Work request. Go to the line with "Immer wieder wurde" in the material below and copy from there through the line with "Aluminum foil reflects", exactly. Pictures are not copied.

Supplied information.

┌──

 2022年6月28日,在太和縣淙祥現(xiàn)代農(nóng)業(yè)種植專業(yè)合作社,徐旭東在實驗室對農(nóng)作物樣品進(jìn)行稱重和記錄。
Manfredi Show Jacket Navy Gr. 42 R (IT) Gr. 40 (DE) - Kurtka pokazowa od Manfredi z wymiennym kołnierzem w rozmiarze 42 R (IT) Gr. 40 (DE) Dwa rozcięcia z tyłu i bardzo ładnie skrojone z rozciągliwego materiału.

└──
┌──

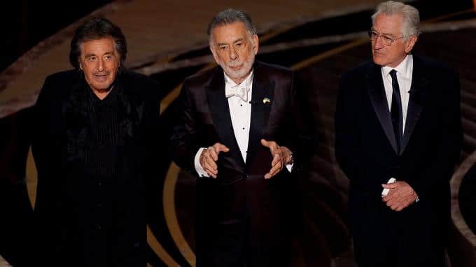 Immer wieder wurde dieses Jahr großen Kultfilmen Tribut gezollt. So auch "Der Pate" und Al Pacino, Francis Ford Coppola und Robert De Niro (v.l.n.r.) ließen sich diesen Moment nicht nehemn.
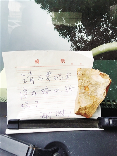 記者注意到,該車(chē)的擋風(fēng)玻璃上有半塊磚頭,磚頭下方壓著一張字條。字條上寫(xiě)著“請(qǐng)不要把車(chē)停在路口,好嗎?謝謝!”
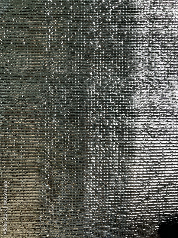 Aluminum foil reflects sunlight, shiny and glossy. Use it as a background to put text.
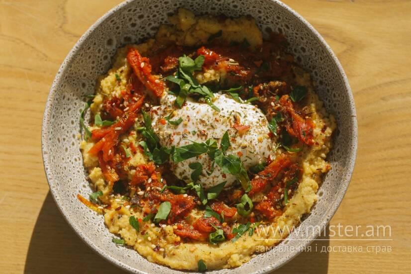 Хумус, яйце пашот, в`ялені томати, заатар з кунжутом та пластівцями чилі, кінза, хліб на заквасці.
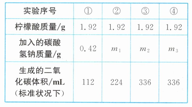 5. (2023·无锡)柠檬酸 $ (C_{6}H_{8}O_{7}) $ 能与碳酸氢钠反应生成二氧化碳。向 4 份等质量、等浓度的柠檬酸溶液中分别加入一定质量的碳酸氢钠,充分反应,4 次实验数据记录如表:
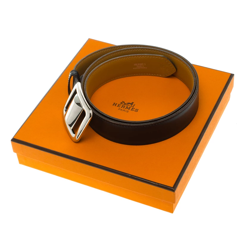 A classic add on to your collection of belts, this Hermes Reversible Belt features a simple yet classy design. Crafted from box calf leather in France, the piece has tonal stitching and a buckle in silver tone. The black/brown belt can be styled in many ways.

└──

Exercise output.
 Immer wieder wurde dieses Jahr großen Kultfilmen Tribut gezollt. So auch "Der Pate" und Al Pacino, Francis Ford Coppola und Robert De Niro (v.l.n.r.) ließen sich diesen Moment nicht nehemn.
 記者注意到,該車(chē)的擋風(fēng)玻璃上有半塊磚頭,磚頭下方壓著一張字條。字條上寫(xiě)著“請(qǐng)不要把車(chē)停在路口,好嗎?謝謝!”
 Aluminum foil reflects sunlight, shiny and glossy. Use it as a background to put text.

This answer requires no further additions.